The bacterial suspension prepared by the product has accurate bacterial content range, can reduce the error of each test and greatly increase the success rate of the test.
Similar products on the market are all particles with certain shapes and are filled in a common penicillin bottle, and the products in the mode must be lyophilized by adopting a mold and then subpackaged. This process can make the freeze-drying thing moisture absorption certainly, makes the freeze-drying thing water content increase, influences the activity of microorganism in the freeze-drying thing, and transient high temperature environment can make the freeze-drying thing liquefaction or atrophy promptly, if want to avoid the negative effect that brings when partial shipment, needs special customization closing device to guarantee aseptic nature and the aridity of partial shipment environment, perhaps needs to reform transform the freeze dryer, greatly increased the cost input of producing this type of product.

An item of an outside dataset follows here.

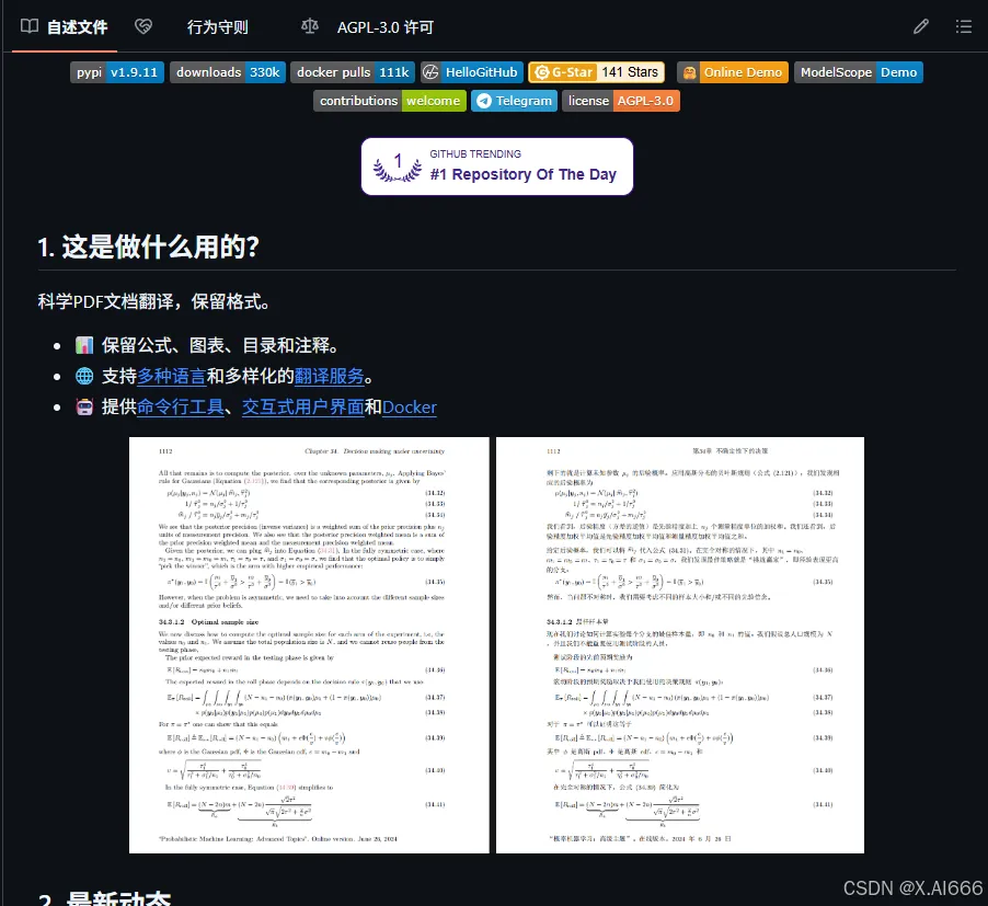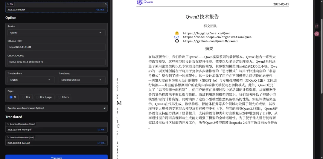 我觉得它最有价值的地方,是它解决了“翻译”和“排版”不能兼得的问题。很多工具只能把文字翻出来,但看完之后还得自己对照原文;而 PDFMathTranslate 更像是把整份文档尽量“翻译成同样结构的另一份版本”,这对高频阅读外文资料的人来说效率提升非常明显。

The freeze-dried quality control working strain needs to be dissolved by a small amount of dissolving liquid in the using process, if the dissolved quality control working strain contains too many nutrient substances, the stability of the number of bacteria and the accuracy of a test can be influenced, and the existing freeze-drying maintaining method is too complex to operate when in use, long-time freeze-dried substances are exposed at normal temperature to cause the loss of microorganisms, so that the subpackaging time is too long, and the activity of the microorganisms is easily reduced.
Disclosure of Invention
In order to make up for the defects, the invention provides a freeze-drying preservation method of a quantitative working quality control strain, aiming at improving the quality of a freeze-drying liquid, reducing pollution, loss and moisture, realizing the protection of a bacterial suspension by a freeze-drying protection liquid and the like through simple steps.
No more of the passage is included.